Kirche/Kloster

Christuskirche

Adolph-Kolping-Straße, 03042 Cottbus

Highlights

  • Die Christuskirche in Cottbus wurde im 13. Jahrhundert als erste gemauerte Kirche der Stadt erwähnt und gehörte zum Bistum Meißen.
  • 1946 gründete Pfarrer Broß zwölf neue Seelsorgsstellen nach dem Zuzug katholischer Christen in Cottbus.
  • Die Kirche bietet rollstuhlgerechten Zugang, Parkplätze und barrierefreie Toiletten.

Tipps

  • Der rollstuhlgerechte Zugang ermöglicht einen ungehinderten Eintritt in den Kirchenraum ohne Stufen.
  • Ein barrierefreier Parkplatz steht in unmittelbarer Nähe der Kirche für Besucher mit Mobilitätseinschränkungen bereit.
  • Barrierefreie Toiletten sind im Gebäude vorhanden und bieten ausreichend Platz für alle Besucher.

Eigenschaften

Entspannt Kulturell Ganzjährig

Christuskirche Cottbus – Sakrale Kultur erleben

Die Christuskirche in Cottbus ist ein bedeutendes sakrales Bauwerk und ein zentraler Ort für die katholische Gemeinde in der Stadt. Die Kirche gehört zur Tradition der katholischen Kirche und bietet mit ihrem modernen und zugleich würdevollen Erscheinungsbild einen Ort der Andacht, des Gebets und der Gemeinschaft. Besonders hervorzuheben ist die barrierefreie Gestaltung: Der Zugang ist rollstuhlgerecht, ebenso wie der angrenzende Parkplatz und die Toilettenanlagen, was die Kirche für alle Besucher zugänglich macht.

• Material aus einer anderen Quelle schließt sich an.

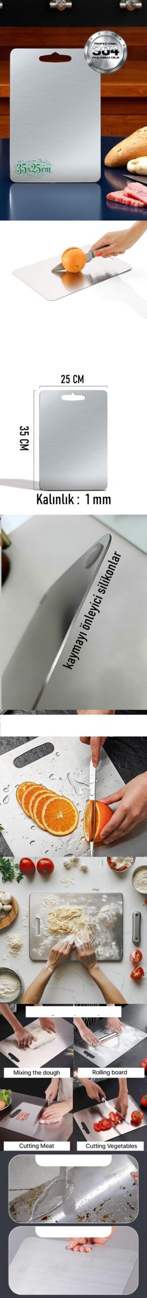“304 paslanmaz çelik doğrama tahtası, kulplu mutfak kesme tahtası olarak hijyenik ve uzun ömürlü kullanım sunar. Tekli paslanmaz çelik kesme tahtası, 35×25 cm ölçüsüyle hem ev hem profesyonel mutfaklar için ideal tercihtir.”Tekli paslanmaz çelik kesme tahtası, 35×25 cm ölçüsüyle hijyenik ve pratik kullanım sunarken, kulplu mutfak kesme tahtası tasarımı sayesinde taşınabilirlik sağlar; 304 paslanmaz çelik doğrama tahtası, profesyonel mutfaklarda tercih edilen çelik doğrama tablası

Die Geschichte der Christuskirche ist eng mit der Entwicklung der katholischen Kirche in Cottbus verbunden. Bereits im 13. Jahrhundert gab es in der Region eine gemauerte Kirche, die dem Bistum Meißen unterstand. Im Laufe der Jahrhunderte blieb die katholische Präsenz in Cottbus trotz wechselnder politischer und konfessioneller Rahmenbedingungen erhalten. Im 18. Jahrhundert durften Katholiken an zwei Sonntagen im Jahr in evangelischen Kirchen die Heilige Messe feiern – ein Zeichen der religiösen Vielfalt in der Region. Diese Tradition spiegelt sich auch in der heutigen Offenheit der Christuskirche wider, die Menschen aller Konfessionen willkommen heißt.

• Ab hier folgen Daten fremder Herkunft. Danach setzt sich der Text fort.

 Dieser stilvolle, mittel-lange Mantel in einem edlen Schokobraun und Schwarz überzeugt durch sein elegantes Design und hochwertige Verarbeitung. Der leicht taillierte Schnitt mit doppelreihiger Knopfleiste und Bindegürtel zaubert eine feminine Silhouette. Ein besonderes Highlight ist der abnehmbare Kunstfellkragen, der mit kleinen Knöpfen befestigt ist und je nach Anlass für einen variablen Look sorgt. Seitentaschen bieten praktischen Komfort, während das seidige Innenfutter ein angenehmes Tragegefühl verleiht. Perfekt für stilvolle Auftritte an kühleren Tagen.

Nach dem Zweiten Weltkrieg erlebte die katholische Gemeinde in Cottbus einen deutlichen Aufschwung. 1946 richtete Pfarrer Broß zwölf neue Seelsorgsstellen ein, um den wachsenden Bedarf an spiritueller Betreuung zu decken. Die Christuskirche wurde zu einem wichtigen Zentrum dieser Entwicklung und bietet seitdem nicht nur Gottesdienste, sondern auch pastorale Angebote wie Beichtgelegenheiten, Sakramente und Gemeinschaftsveranstaltungen. Die Kirche steht dabei im Dialog mit anderen christlichen Gemeinden in der Umgebung, etwa mit evangelischen Kirchen in Cottbus, und fördert so den interkonfessionellen Austausch.

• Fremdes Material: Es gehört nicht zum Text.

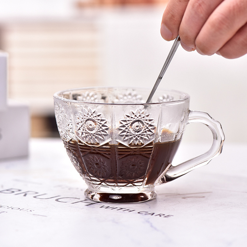 メーカー家庭用ガラスクリエイティブ彫刻コーヒーカップセットガラスハンドルパターンコーヒーカップひまわりカップ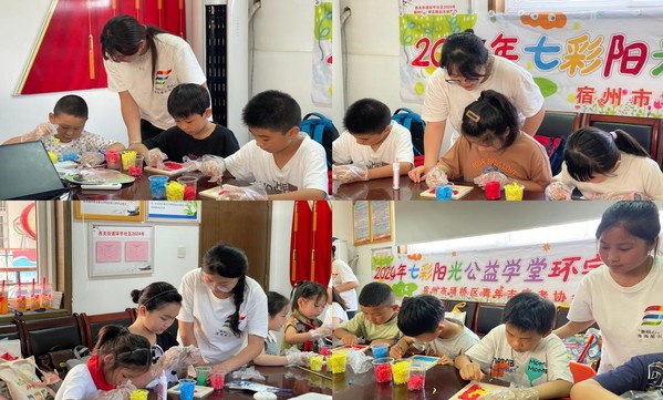 在課堂上團(tuán)隊(duì)成員融合當(dāng)?shù)貪夂竦母锩幕?,將“紅色”帶到課堂來。尤其是作為師范專業(yè)的他們,結(jié)合自身專業(yè),同時(shí)積極響應(yīng)國家政策文件,開展了講故事、演故事、唱隊(duì)歌等多樣化、綜合化的教學(xué),讓孩子們由內(nèi)而外對(duì)革命先輩充滿敬畏! 03學(xué)做紙漿畫,傳遞愛國情 紙漿畫,起源于中國傳統(tǒng)的手工藝,是古老造紙術(shù)與現(xiàn)代繪畫技藝的巧妙結(jié)合體,體現(xiàn)了人們對(duì)廢棄物再利用的環(huán)保意識(shí)和對(duì)美的追求。我?!氨┬模瑐骷t心”淮海星火實(shí)踐團(tuán)在埇橋區(qū)青年志愿者協(xié)會(huì)七彩陽光公益學(xué)堂環(huán)宇社區(qū)教學(xué)點(diǎn)開展了“學(xué)做紙漿畫,傳遞愛國情”主題課程。

Mit einer Google-Bewertung von 4,8 von 5 Sternen (basierend auf 21 Bewertungen) gilt die Christuskirche als ein Ort der Wertschätzung und des Respekts. Besucher schätzen nicht nur die architektonische Gestaltung und die ruhige Atmosphäre, sondern auch die herzliche Aufnahme durch die Gemeinde. Die Kirche lädt dazu ein, innezuhalten, sich zu versammeln und gemeinsam den Glauben zu leben – sei es in stiller Andacht oder in feierlichen Gottesdiensten.

Die Christuskirche ist somit mehr als nur ein Gebäude: Sie ist ein lebendiger Ort des Glaubens, der Geschichte und der Gemeinschaft in Cottbus. Ob als Pilgerstätte, Ort der Trauer oder der Freude – sie bietet Raum für alle, die nach spiritueller Orientierung und menschlicher Verbundenheit suchen.